[Given information Boundary: Start]

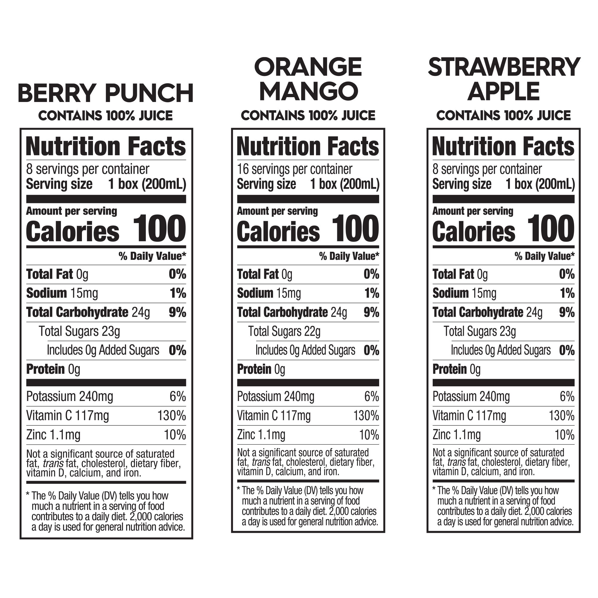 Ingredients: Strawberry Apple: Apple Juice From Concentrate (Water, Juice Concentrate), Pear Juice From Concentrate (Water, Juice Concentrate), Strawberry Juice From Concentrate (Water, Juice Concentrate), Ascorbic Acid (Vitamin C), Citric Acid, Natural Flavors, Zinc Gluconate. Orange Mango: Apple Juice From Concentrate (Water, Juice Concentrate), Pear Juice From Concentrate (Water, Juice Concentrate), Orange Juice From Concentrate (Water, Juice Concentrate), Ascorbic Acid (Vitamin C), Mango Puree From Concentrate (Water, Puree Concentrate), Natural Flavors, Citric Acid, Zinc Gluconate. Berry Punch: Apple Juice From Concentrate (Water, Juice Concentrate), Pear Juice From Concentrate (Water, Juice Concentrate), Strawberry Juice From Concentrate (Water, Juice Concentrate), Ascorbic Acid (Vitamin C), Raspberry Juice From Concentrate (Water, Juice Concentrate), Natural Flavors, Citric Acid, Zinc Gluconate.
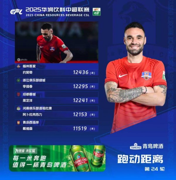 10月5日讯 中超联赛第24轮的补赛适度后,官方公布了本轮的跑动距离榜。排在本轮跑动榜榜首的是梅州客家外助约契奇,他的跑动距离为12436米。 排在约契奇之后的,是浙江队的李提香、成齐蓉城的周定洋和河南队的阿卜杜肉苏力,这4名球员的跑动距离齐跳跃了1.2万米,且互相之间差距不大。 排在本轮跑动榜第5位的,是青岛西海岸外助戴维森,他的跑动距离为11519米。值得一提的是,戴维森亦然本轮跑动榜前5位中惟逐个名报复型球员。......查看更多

[Given information Boundary: End]
[Given information Boundary: Start]

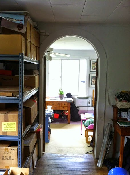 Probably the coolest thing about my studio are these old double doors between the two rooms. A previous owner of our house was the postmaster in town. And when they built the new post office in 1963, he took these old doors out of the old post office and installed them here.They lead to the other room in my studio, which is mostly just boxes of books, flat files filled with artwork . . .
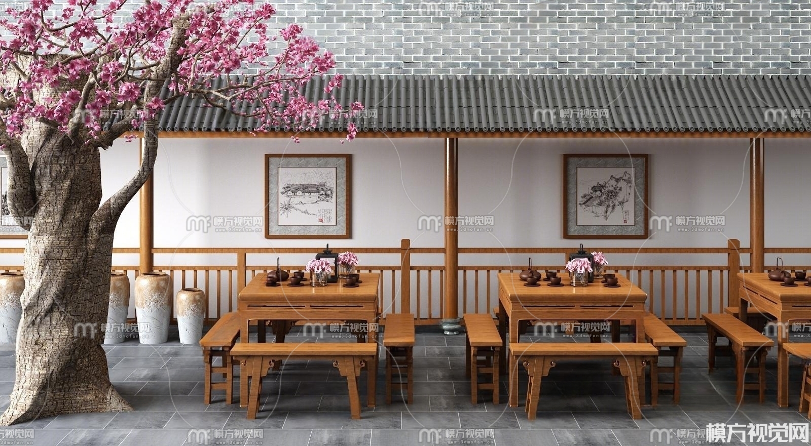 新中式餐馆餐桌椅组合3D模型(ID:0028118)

[Given information Boundary: End]
[Given information Boundary: Start]

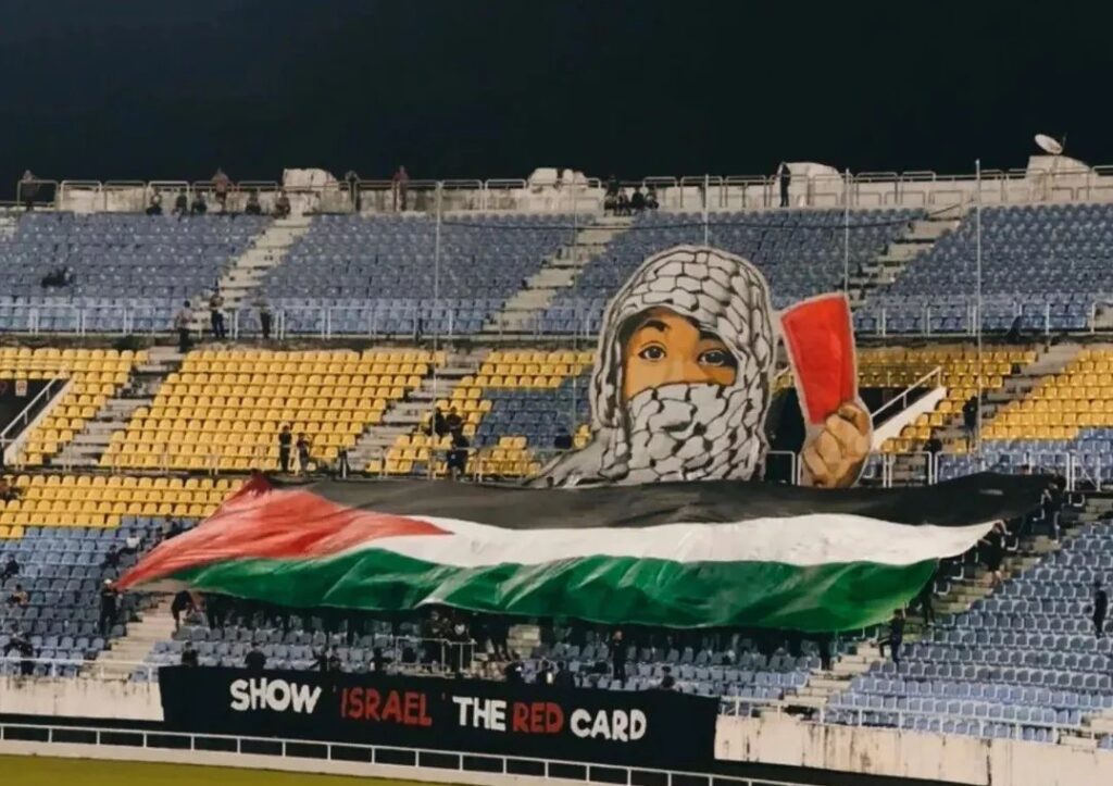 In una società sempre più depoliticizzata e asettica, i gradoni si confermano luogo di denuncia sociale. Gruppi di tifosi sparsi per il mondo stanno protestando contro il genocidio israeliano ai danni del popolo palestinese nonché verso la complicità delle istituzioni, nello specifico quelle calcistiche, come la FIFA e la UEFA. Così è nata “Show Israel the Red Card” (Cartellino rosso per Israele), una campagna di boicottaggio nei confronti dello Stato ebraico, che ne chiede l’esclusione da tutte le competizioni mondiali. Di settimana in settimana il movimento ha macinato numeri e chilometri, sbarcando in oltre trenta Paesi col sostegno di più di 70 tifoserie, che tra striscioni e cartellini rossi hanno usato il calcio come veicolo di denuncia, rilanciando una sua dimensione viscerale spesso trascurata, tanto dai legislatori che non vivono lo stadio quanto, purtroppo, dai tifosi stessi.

[Given information Boundary: End]

Beginning with the line above that has "Probably the coolest" and going on through the line that has "新中式餐馆餐桌椅组合3D模型(ID:0028118)", retype every line exactly and add nothing else; drop the pictures.

 Probably the coolest thing about my studio are these old double doors between the two rooms. A previous owner of our house was the postmaster in town. And when they built the new post office in 1963, he took these old doors out of the old post office and installed them here.They lead to the other room in my studio, which is mostly just boxes of books, flat files filled with artwork . . .
 新中式餐馆餐桌椅组合3D模型(ID:0028118)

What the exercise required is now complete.